Mijnheer Wienen, indien u kranten citeert, moet u ze goed citeren. Ik heb niet twee ministers een reprimande gegeven. Dat is niet juist. U moet het artikel even nalezen.
Of Shakespeare al dan niet moet worden geciteerd, laat ik in het midden. De minister-president heeft dit op zijn eigen manier meesterlijk gecounterd. Hij kan echter niet ontkennen dat er meningsverschillen zijn. Sommige zaken zijn nog niet tot uitbarsting gekomen. Ik verwijs in dit verband naar De Lijn. De door minister Crevits geplande besparingen baren de sp.a terecht zorgen. Ik wil nog wel eens zien of minister Crevits die plannen kan doorvoeren zonder aan de basismobiliteit te raken. Dan zullen we zien wat er zal gebeuren. Het is duidelijk dat de verschillende coalitiepartners op een aantal vlakken verschillende denksporen volgen. Misschien kunnen we niet zeggen dat theres something rotten in the state of Flanders, maar er is in elk geval iets aan de hand.

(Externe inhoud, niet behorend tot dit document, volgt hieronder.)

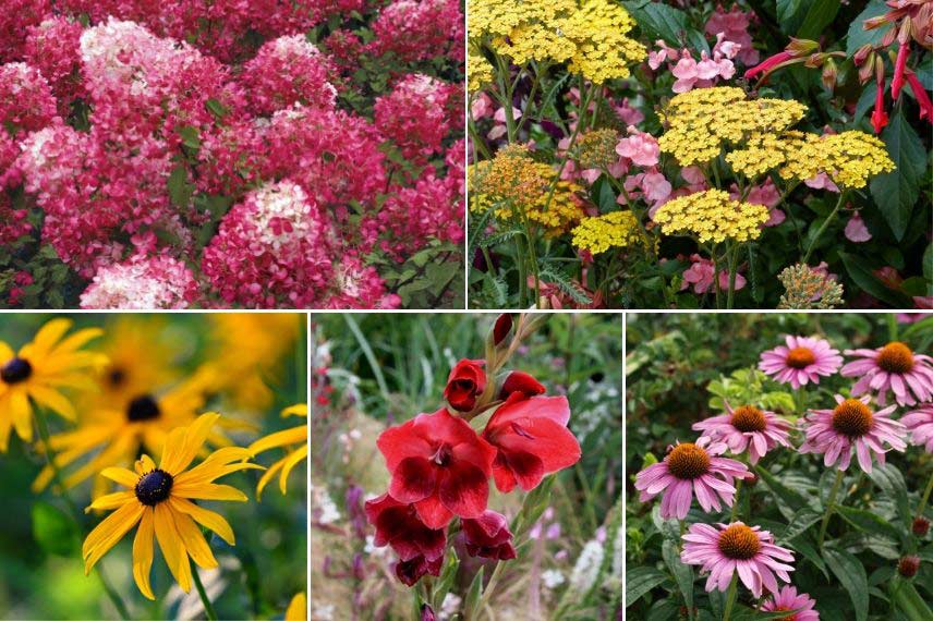 Profitez des Hydrangea paniculata pour composer un massif coloré, au soleil. Nous vous conseillons notamment la variété Hydrangea paniculata ‘Diamant Rouge’, qui porte des inflorescences denses, au départ blanches se colorant rapidement d’un rouge intense. Nous vous conseillons d’installer à ses côtés des Rudbeckias, dont les belles fleurs jaunes amèneront de la luminosité. Ajoutez des géraniums vivaces, des échinacées et des achillées. Profitez aussi de la floraison colorée des Glaïeuls : ils se déclinent dans une large gamme de variétés, aux couleurs souvent vives et lumineuses, ce qui ne vous laissera que l’embarras du choix dans les teintes et coloris. Rien de tel que des graminées, comme les Pennisetums, pour sublimer ces floraisons et alléger le massif ! En fond de massif, aux côtés des Hydrangea paniculata, intégrez d’autres arbustes tels que les Lagerstroemia et Lauriers-roses.

Het gaat hier telkens om de tekens van samenhang. Ik zal niets over de VRT zeggen. Ik wil, voor de volledigheid, even vermelden dat ik vorige week in de commissie Cultuur getuige was van de fijne samenhang die sommigen hier proberen overeind te houden. Ik heb toen, in het bijzijn van minister Muyters, een pittig, aangenaamd en wervend kritisch moment tussen CD&V en sp.a bijgewoond. Het gaat steeds weer om dezelfde problematiek. Ik vraag me af waar die samenhang zit. Ik ben het kwijt.

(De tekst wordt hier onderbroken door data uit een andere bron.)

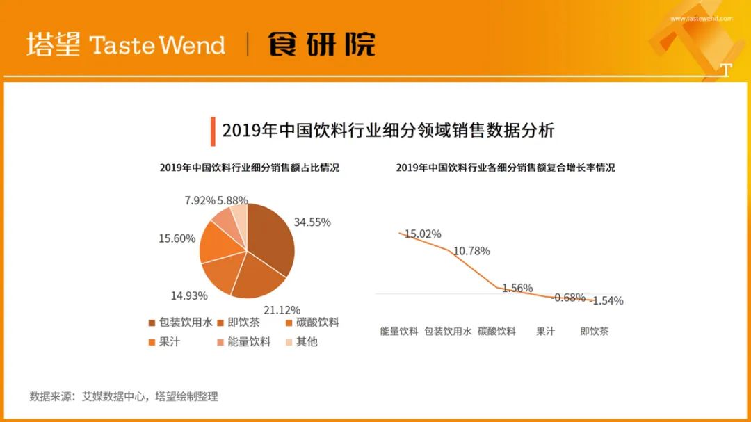 再看2019年,中国饮料市场以包装饮用水和即饮茶饮料为主,二者市场份额超过半成。此外,能量饮料在2019年期间销售额复合增长率高达15.02% ,成为发展最快的饮料细分品类。碳酸饮料、果汁、即饮茶则出现较低甚至是负增长的情况。

Het gaat hier over de samenhang binnen de Vlaamse Regering. We nemen sneller beslissingen dan sommigen zouden willen. Ik ga er echter van uit dat iedereen hier graag debatten voert. Er mogen gedachtewisselingen zijn. Het is niet de bedoeling dat iedereen zijn mond moet houden. Ik ga ervan uit dat de heer Verstrepen daar ook geen voorstander van is.
Mijnheer de minister-president, natuurlijk ben ik daar geen voorstander van. U moet niet zo gepikeerd reageren als ik zeg dat die samenhang er niet is. Het gaat om het woordgebruik. U kunt dit in het commissieverslag terugvinden. U zult merken dat wat tussen CD&V en sp.a is gebeurd, niets met het debat te maken heeft.

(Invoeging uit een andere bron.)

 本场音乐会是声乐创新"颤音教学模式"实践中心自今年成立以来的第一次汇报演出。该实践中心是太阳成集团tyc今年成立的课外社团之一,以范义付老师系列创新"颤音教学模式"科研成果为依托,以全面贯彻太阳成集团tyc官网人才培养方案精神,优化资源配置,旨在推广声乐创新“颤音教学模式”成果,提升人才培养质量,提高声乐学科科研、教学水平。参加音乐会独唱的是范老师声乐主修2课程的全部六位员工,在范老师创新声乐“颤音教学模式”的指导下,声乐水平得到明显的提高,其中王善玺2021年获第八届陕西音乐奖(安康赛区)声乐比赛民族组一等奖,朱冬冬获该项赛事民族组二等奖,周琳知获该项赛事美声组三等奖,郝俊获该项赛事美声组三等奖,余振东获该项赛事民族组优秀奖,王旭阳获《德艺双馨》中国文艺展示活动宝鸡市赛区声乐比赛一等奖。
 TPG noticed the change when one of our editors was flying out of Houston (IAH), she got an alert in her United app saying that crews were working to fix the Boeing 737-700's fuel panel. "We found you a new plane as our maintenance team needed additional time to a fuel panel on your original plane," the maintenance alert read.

Mijnheer de minister president, ik heb u vorige week met een wielrenner vergeleken. Ik denk niet dat u dat als een belediging hebt opgevat. U bent tenslotte een wielertoerist.
Aangezien u een statige allure hebt, wil ik u vandaag met iets plechtigers vergelijken. U bent de kapitein van het schip van staat, zoals het door de Nederlandse jurist Thorbecke ooit is genoemd. U wilt vooruit. U hijst de zeilen. Op zich is dit een goede zaak. Uw minister-matrozen van sp. a en N-VA staan echter niet op het dek. Ze hebben schermutselingen op de boeg. Daarbij maken ze gaten in de boeg. Het schip maakt water en uw voeten worden nat.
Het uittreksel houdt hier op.